:: Data records ::

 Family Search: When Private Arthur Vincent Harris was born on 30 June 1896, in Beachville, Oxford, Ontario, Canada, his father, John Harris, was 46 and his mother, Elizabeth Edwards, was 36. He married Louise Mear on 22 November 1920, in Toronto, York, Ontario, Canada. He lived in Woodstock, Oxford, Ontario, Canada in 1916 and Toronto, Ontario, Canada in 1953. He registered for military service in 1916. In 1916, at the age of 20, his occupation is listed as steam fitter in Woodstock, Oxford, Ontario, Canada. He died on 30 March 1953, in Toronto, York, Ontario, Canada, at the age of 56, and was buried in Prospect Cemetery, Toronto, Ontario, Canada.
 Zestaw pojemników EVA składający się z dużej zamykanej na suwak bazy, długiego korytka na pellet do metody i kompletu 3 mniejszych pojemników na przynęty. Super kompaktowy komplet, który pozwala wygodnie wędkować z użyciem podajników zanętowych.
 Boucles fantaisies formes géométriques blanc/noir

--

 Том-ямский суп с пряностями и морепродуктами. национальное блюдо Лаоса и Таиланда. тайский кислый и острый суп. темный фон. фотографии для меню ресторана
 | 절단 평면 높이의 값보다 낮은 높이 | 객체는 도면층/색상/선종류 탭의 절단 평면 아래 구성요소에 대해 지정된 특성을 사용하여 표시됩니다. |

--

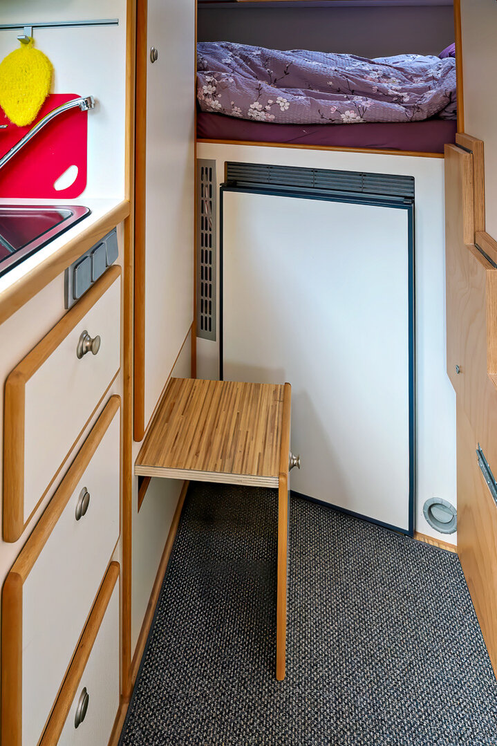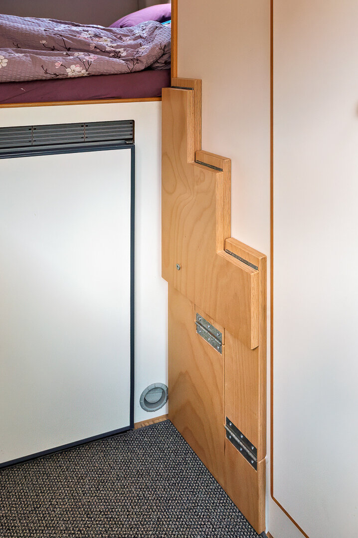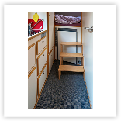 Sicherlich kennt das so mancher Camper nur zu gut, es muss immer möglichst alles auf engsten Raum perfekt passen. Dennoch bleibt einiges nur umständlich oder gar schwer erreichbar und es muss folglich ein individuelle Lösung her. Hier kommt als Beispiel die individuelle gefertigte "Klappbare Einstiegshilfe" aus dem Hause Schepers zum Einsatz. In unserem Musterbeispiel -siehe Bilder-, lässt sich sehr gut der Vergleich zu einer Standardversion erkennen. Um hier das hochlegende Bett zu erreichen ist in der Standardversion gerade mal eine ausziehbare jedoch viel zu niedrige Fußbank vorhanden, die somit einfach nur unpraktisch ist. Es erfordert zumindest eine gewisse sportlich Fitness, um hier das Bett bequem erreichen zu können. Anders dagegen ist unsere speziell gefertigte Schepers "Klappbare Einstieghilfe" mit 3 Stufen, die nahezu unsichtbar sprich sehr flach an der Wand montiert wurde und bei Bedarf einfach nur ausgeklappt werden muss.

:: Exercise directions ::
Your task is to restate, word for word, only those lines above that fall between the line holding "Family Search: When" and the line holding "Zestaw pojemników EVA", inclusive.

:: Response to this exercise ::
 Family Search: When Private Arthur Vincent Harris was born on 30 June 1896, in Beachville, Oxford, Ontario, Canada, his father, John Harris, was 46 and his mother, Elizabeth Edwards, was 36. He married Louise Mear on 22 November 1920, in Toronto, York, Ontario, Canada. He lived in Woodstock, Oxford, Ontario, Canada in 1916 and Toronto, Ontario, Canada in 1953. He registered for military service in 1916. In 1916, at the age of 20, his occupation is listed as steam fitter in Woodstock, Oxford, Ontario, Canada. He died on 30 March 1953, in Toronto, York, Ontario, Canada, at the age of 56, and was buried in Prospect Cemetery, Toronto, Ontario, Canada.
 Zestaw pojemników EVA składający się z dużej zamykanej na suwak bazy, długiego korytka na pellet do metody i kompletu 3 mniejszych pojemników na przynęty. Super kompaktowy komplet, który pozwala wygodnie wędkować z użyciem podajników zanętowych.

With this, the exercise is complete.